We also tend to be on high alert for them, constantly. If someone behaves in a way that triggers my narcissist response, it’s instant fight or flight, with a heavy dose of grey rocking.

This has actually served me quite well, but it’s a fucked up superpower to have.

in reply to Sarah Brown

the endless guilt-tripping is their most powerful tool. Covert Ns are really insidious because they present themselves as shy, introverted, morally superior and even sweet, initially. They're masters at mental gymnastics.

Playing the victim, endlessly talking about themselves and constantly complaining are my three N red flags.

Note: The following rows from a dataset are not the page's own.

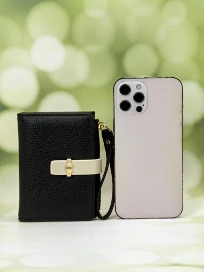 MINGYOU Cartera corta de mujer de PU con parches bicolor, mini bolso estudiantil con broche a presión, cartera multifuncional, estuche de tarjetas compacto y elegante, adecuado como regalo de vacaciones para mujeres - Cartera mini, monedero, cartera pequeña - Negro - Añade 1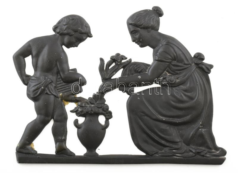 Kertészkedő család, fém dombormű, német, kopással, 20x15cm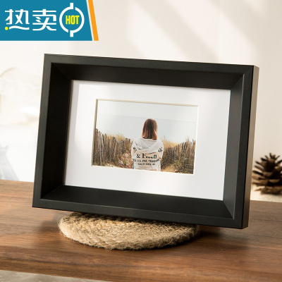 敬平北欧实木质相框ins简约风桌面摆件摆台6 7 8寸洗照片做成相框挂墙 黑色 方5寸[挂摆两用]内径12.7*12.7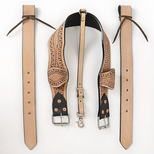 Comfytack Horse Saddle Flank Cinch Girth Handtooled Leather W/ Billets Antique Tan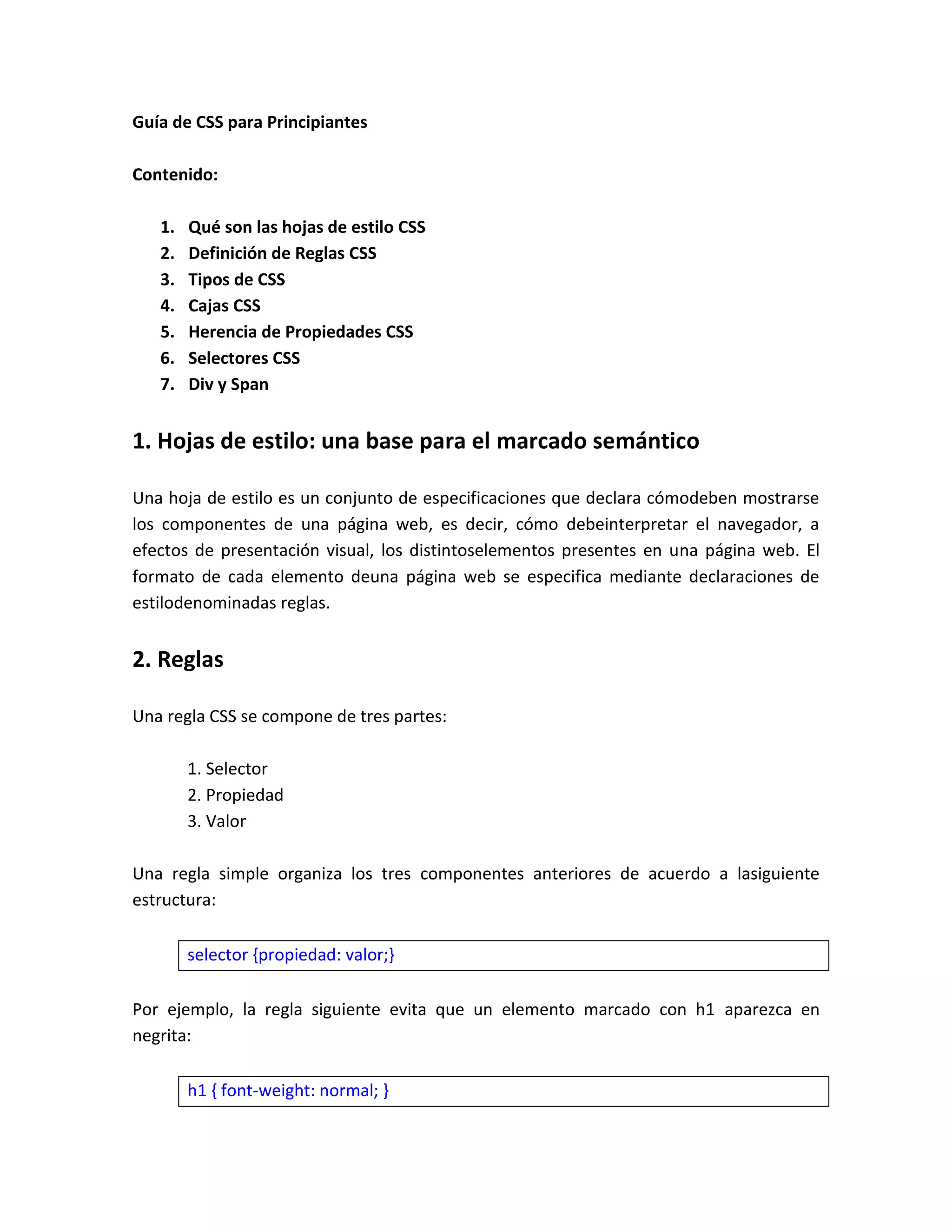 La guía de CSS para principiantes presenta conceptos fundamentales sobre hojas de estilo, incluyendo su definición, el funcionamiento de las reglas CSS, tipos de selectores, y conceptos de cajas y herencia. También explica cómo aplicar estilos a través de diferentes métodos, así como el uso de los elementos div y span para estructurar el contenido. Se enfatiza la importancia de separar el contenido de la presentación para lograr una codificación semántica efectiva.

Do you have any advice on how to detect (covert) Ns before they can do much harm? Any specific behaviours to watch out for?

This entry was edited (1 year ago)
in reply to Llwynog

@Llwynog I’m not sure I can put it into words. There’s usually something “off” about them. Very self absorbed as you note, and feeling the need to constantly have someone or something ready to blame, even for stuff that doesn’t actually require it.
in reply to Llwynog

When small things all align to make them the best / most hard done by person in the world. If it is a pattern then you can guess they are lying or just making stuff up to fit the narrative. For example Brenda said she wanted to move house when she retired because she didn’t know anyone in the village but my dad disagreed. Then he went into a care home but she couldn’t move house then because it would be too awful to abandon the friends in the village she’d known her whole life.
in reply to Alexandra Lanes

With her mild dementia these days, not even from one sentence to the next. It makes it very obvious.